The Hunter produced most of the state’s power, had a university with strong expertise in energy-related disciplines and a vibrant manufacturing base with ample experience in the global marketplace.
Some sceptics, however, struggled to see past the city’s roots in coal and doubted the Hunter Region’s commitment to helping create and develop the energy sources of the future.
Those sceptics have been proven resoundingly wrong.
That is largely due to investment in the region by the federal government, with major backing for the Newcastle Institute for Energy and Resources, the Newcastle-based Australian Solar Institute and the Smart Grid, Smart City program.
Contributions have also come from the state government and the bigger local governments – notably Newcastle and Lake Macquarie – have invested money and effort into lifting community awareness of the benefits of energy efficiency.
Against that background, news that researchers in the city may soon produce a commercially viable ‘‘solar paint’’ is welcome, but hardly a surprise.
Professor Paul Dastoor has been working on the idea for years, but it appears the concept may soon be ready to launch on to the market.
The product – semi-conducting polymers in a water-based paint – could turn every rooftop of every building into a self-contained photovoltaic power station. And with predicted prices per kilowatt-hour of available power well below present peak prices for electricity from fossil fuels, this could be a breakthrough with incalculable global implications.
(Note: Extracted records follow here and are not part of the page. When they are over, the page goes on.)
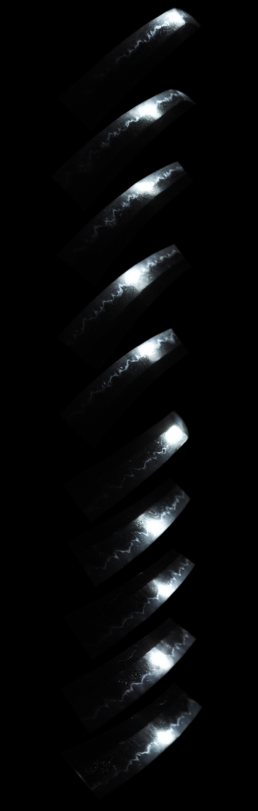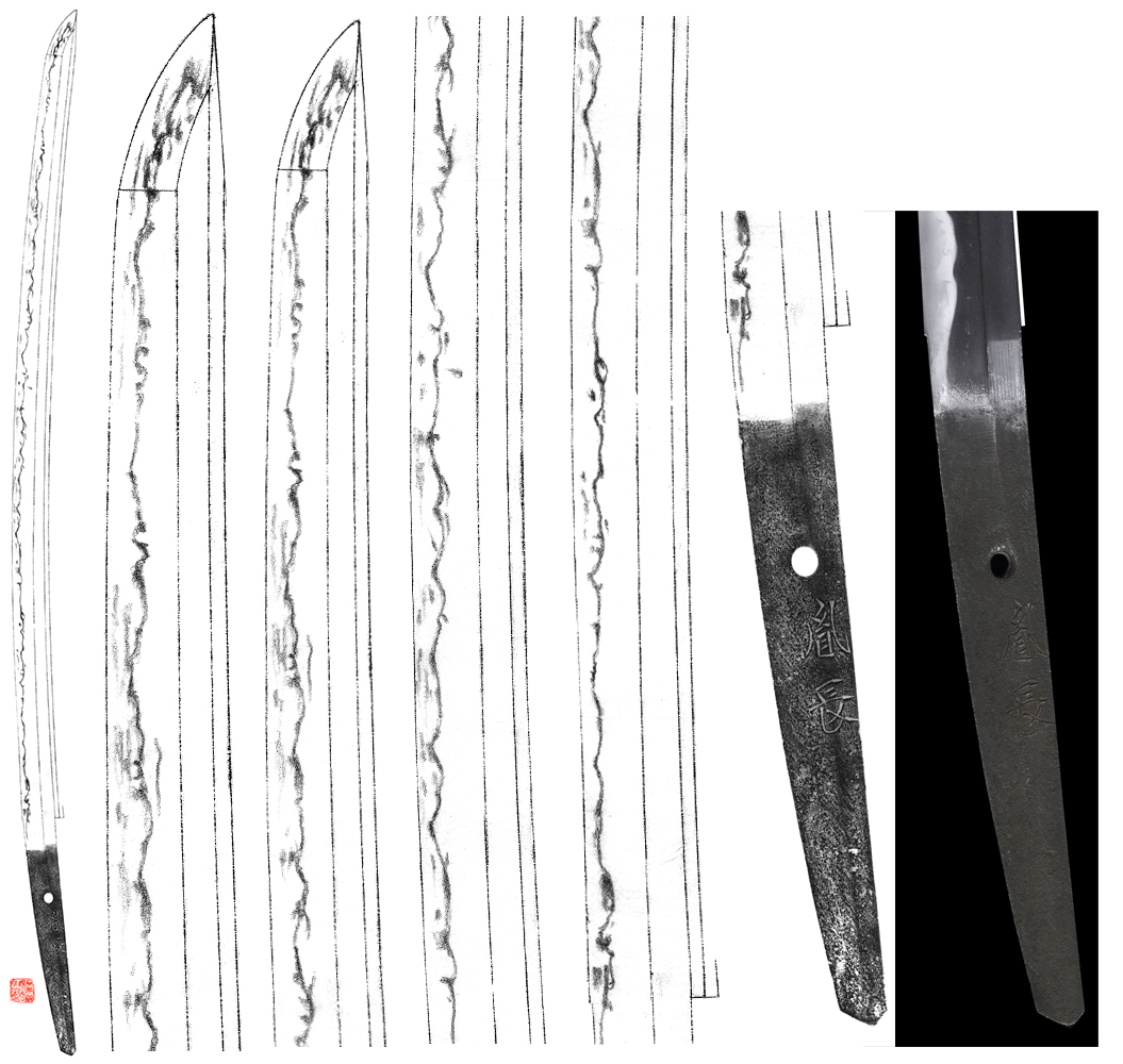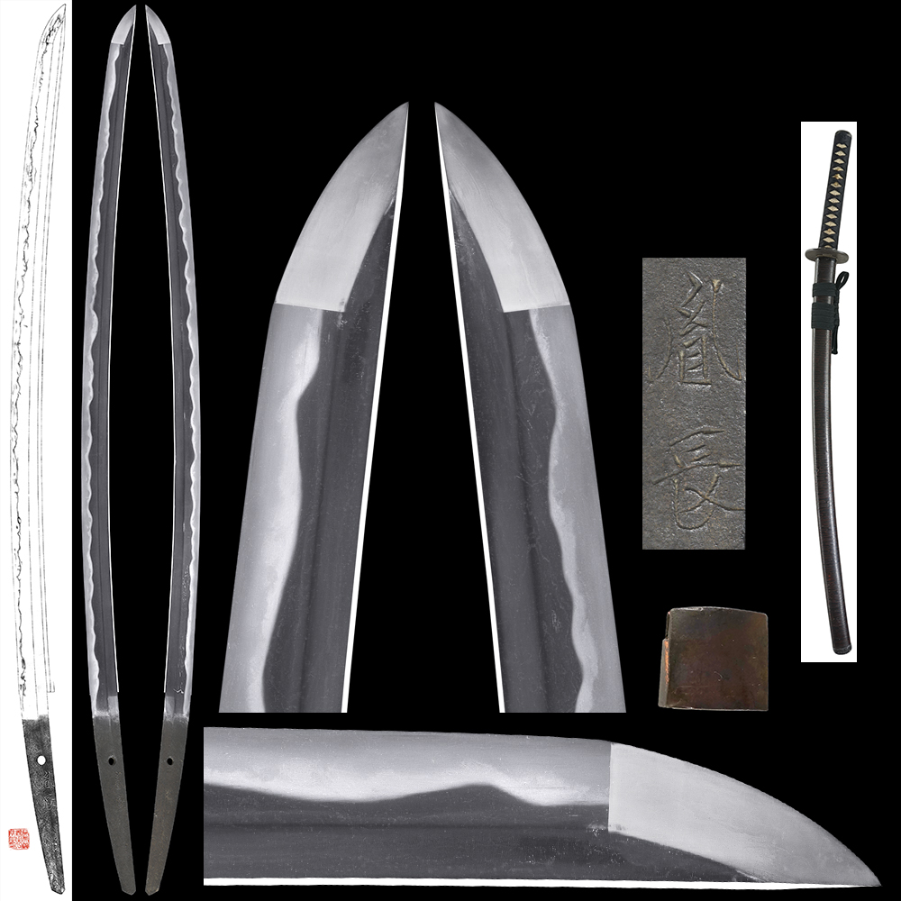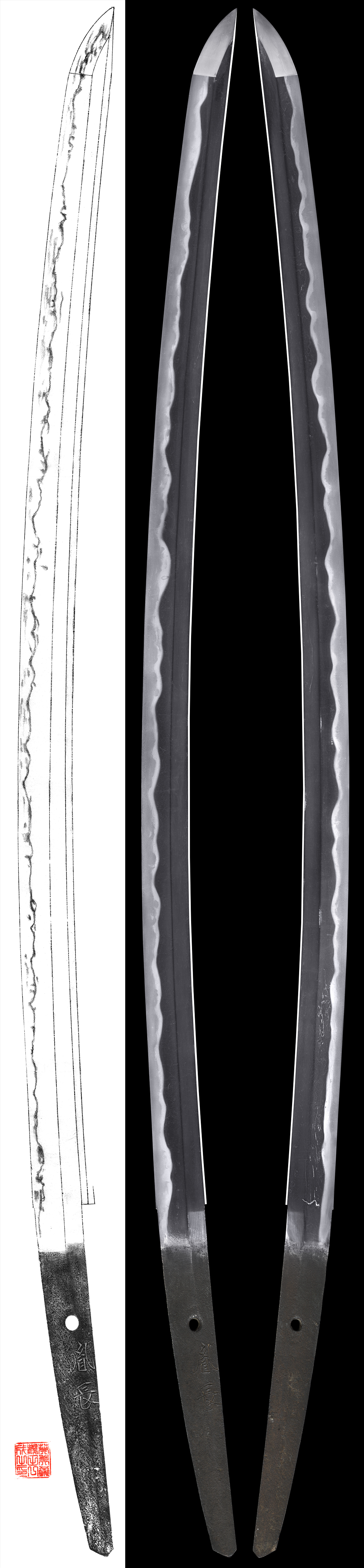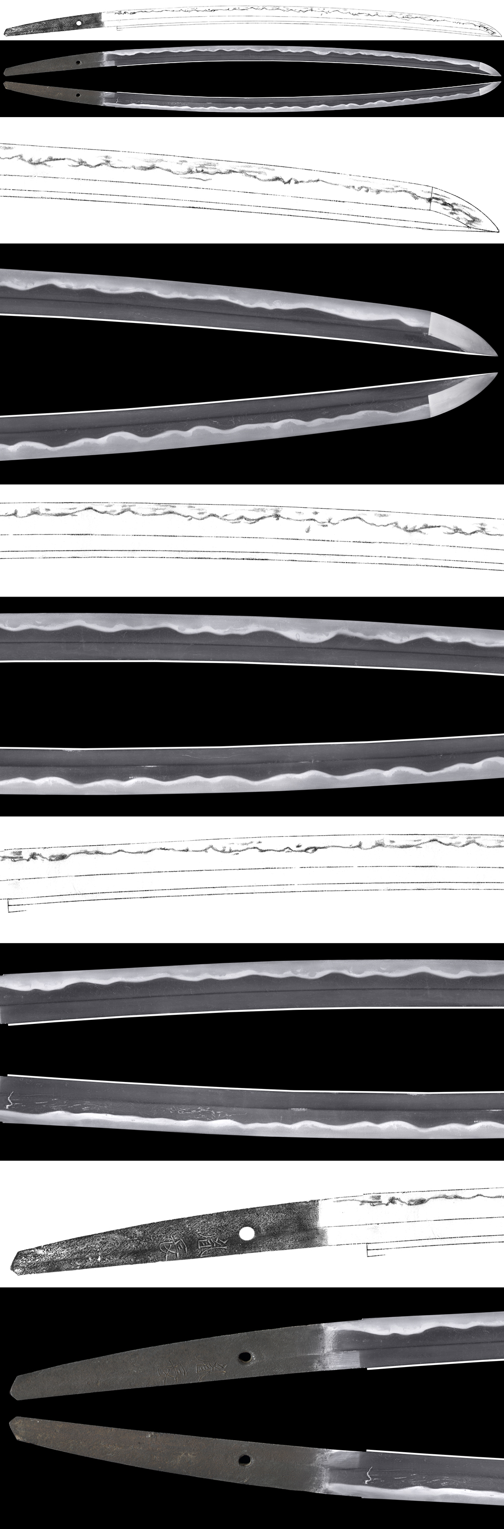 Hamon : Nie deki Gunome Midare. In Ha, there are Ko-Ashi.
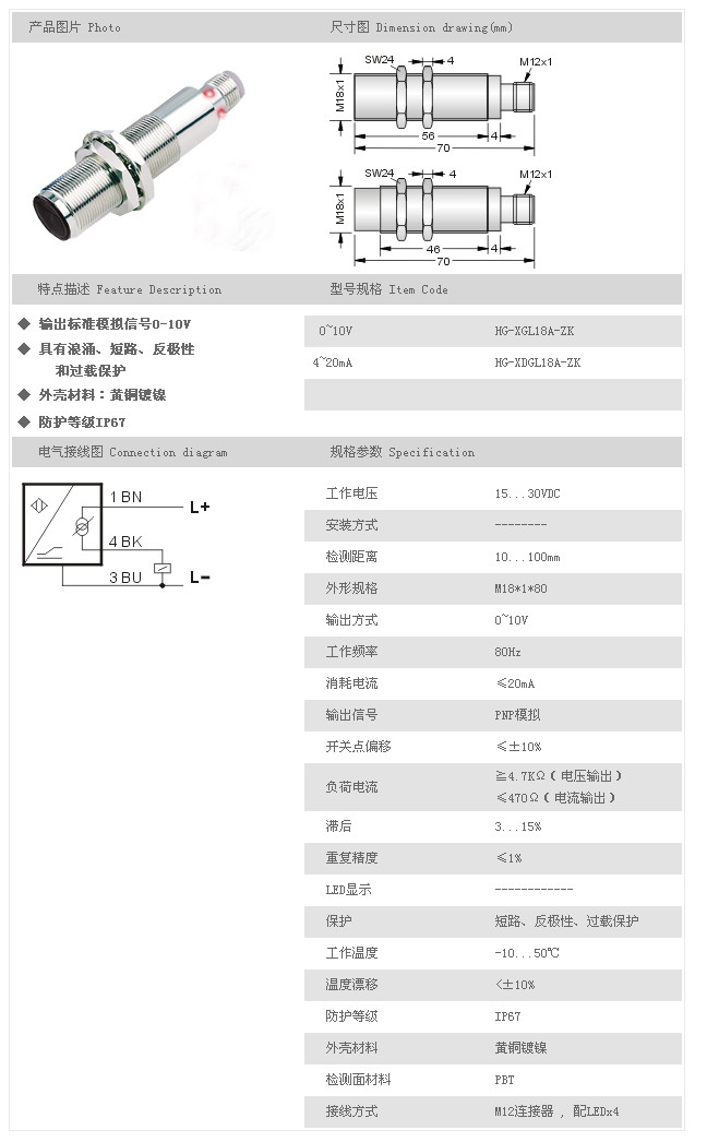 光電式線性傳感器 HG-XGL18A-ZK,HG-XDGL18A-ZK,
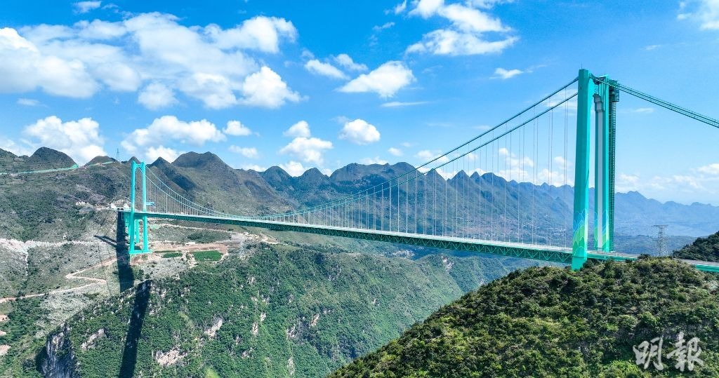貴州花江峽谷大橋全長2890米,跨越被譽為「地球裂縫」的花江大峽谷,將兩岸通行時間從兩個多小時縮短到兩分鐘左右;橋面距水面625米,相當於美國金門大橋的約9倍,高度居世界第一。主橋跨徑1420米,為山區橋樑跨徑世界第一。(新華社/人民日報)
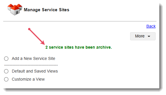 The number next to the action confirms the total number of service sites that you have selected. - Once archived, you'll see a confirmation at the top of the page, like this:
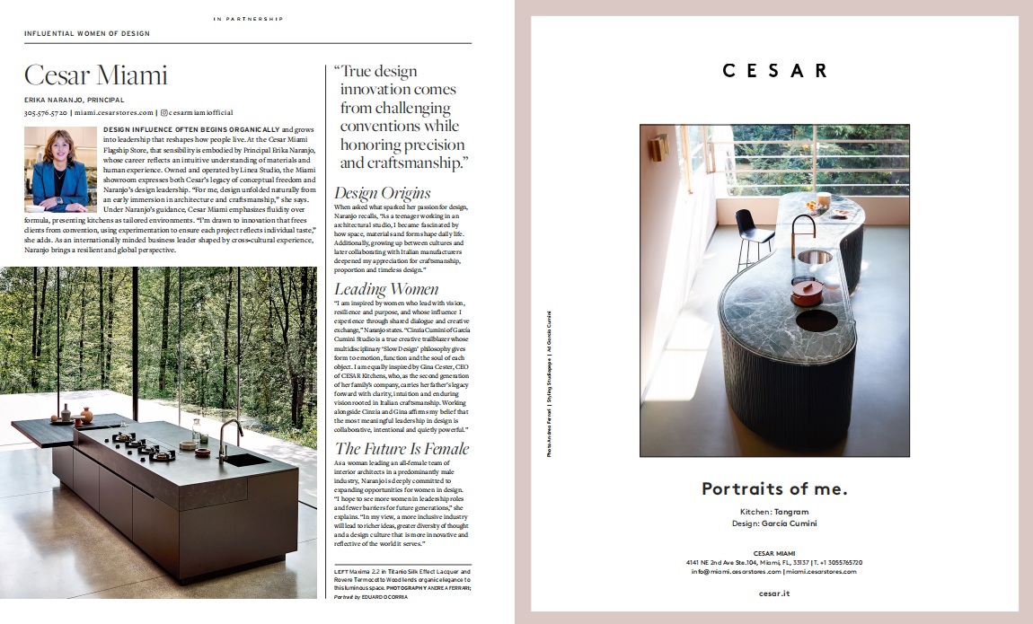 Cesar Miami Principal Erika Naranjo is featured in LUXE Interiors + Design’s Influential Women of Design issue. Naranjo shares how her cross-cultural upbringing and early immersion in architecture shaped her design philosophy — presenting kitchens as tailored environments that reflect individual taste and challenge convention.

Indeed, if the technology is as good as it sounds, the biggest challenge may prove to be ensuring the relevant patents stay in the hands of organisations with a genuine commitment to making them widely available.
Such considerations aside, the march of progress in energy research, even with only a fraction of the public subsidies routinely granted to fossil fuels, is so impressive that it seems hard to avoid the conclusion that energy delivery and the energy market will be transformed, whether incumbent market players like it or not.
Newcastle is playing an important role in that transformation.